### Work required
Using the material below, print a verbatim copy of every line from the one containing "NWT Vince Camuto" through the one containing "Drug companies frequently", inclusive, and omit the pictures.

### Data shown

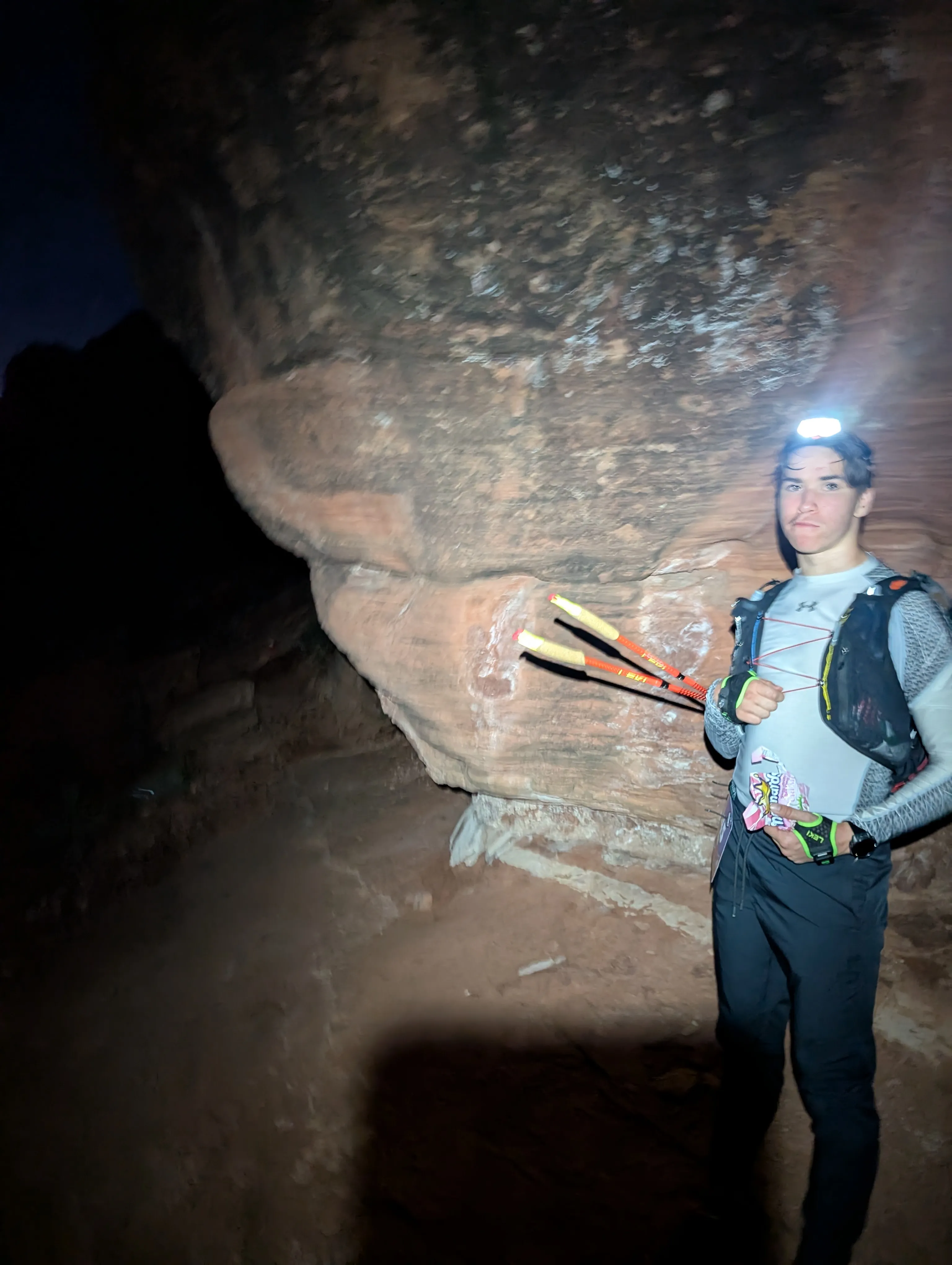 We rotated through mini-pushes, as an example: run 3km, walk 0.25km. At the Sedona aid station, we geared up for the cold night. It was too early to sleep.
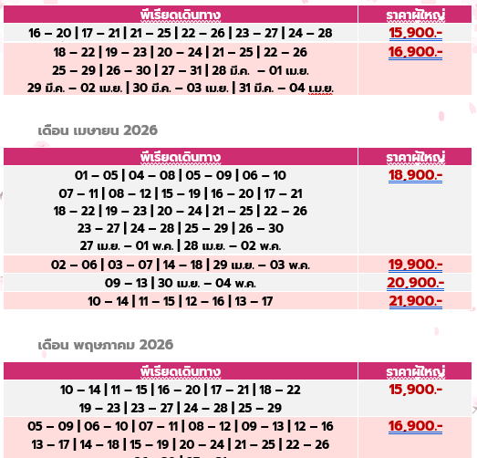 กำหนดวันเดินทาง : มีนาคม - พฤษภาคม 2569
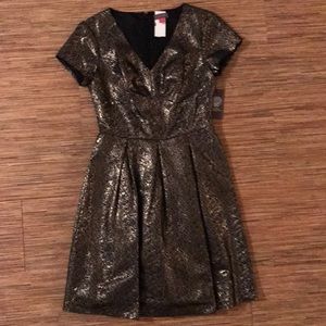 NWT Vince Camuto Metallic Gold and Black Cap Sleeve Lurex Jacquard A-line dress. This would be great for a party, special occasion, or homecoming.
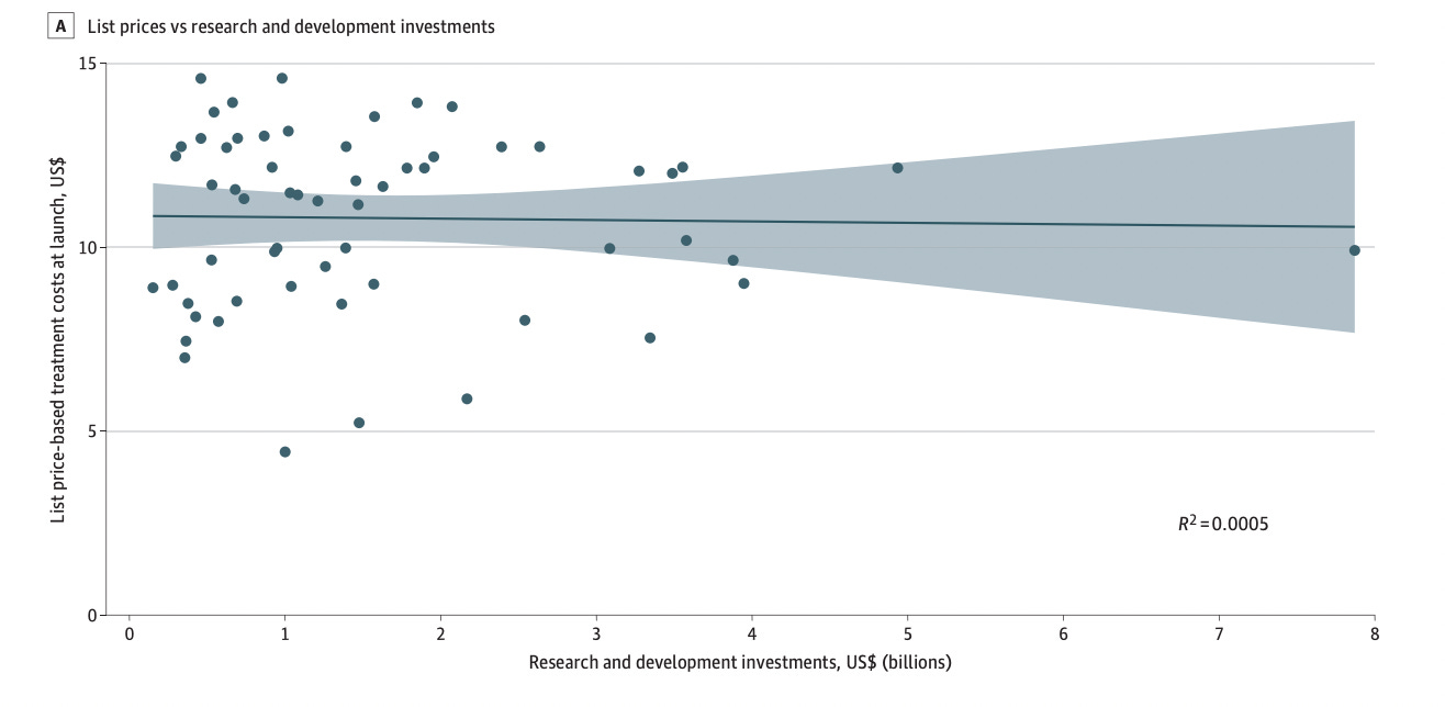 Drug companies frequently claim that high prices are needed to recoup spending on research and development. If high research and development costs justified high drug prices, then an association between these 2 measures would be expected.
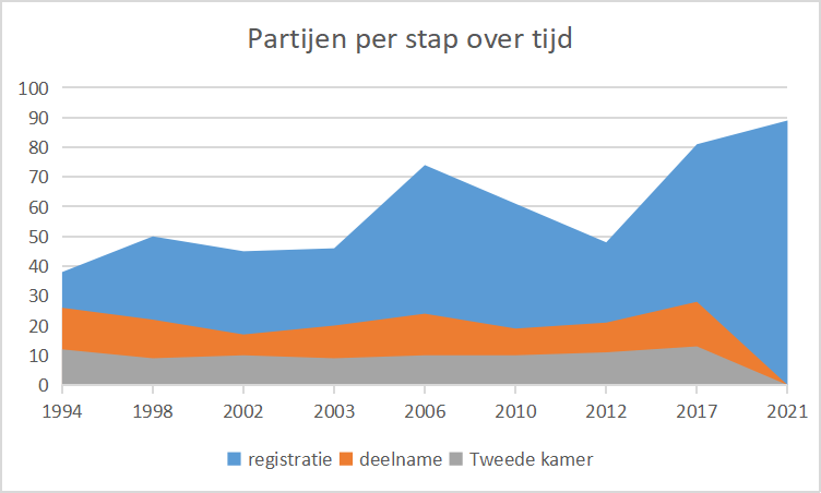 Hoe zit dat eigenlijk historisch? De afgelopen 27 jaar zijn er altijd een hoop partijen geweest die hun naar registreerden, al lijkt het over tijd nog iets toe te nemen. Dit betekent echter nauwelijks dat er ook meer partijen op het kiesbiljet staan (oranje, tussen 17 en 28), en nog minder dat er meer partijen in de Tweede Kamer gekozen worden - dat laatste is in die jaren altijd tussen 9 en 13 geweest. In 1994 stonden er 26 biljetten op het kiesbiljet en werden er 12 gekozen, in 2017 waren dit er 28 om 13. Voor 2021 is logischerwijs alleen de eerste stap nog maar bekend.

### Solution to this exercise
 NWT Vince Camuto Metallic Gold and Black Cap Sleeve Lurex Jacquard A-line dress. This would be great for a party, special occasion, or homecoming.
 Drug companies frequently claim that high prices are needed to recoup spending on research and development. If high research and development costs justified high drug prices, then an association between these 2 measures would be expected.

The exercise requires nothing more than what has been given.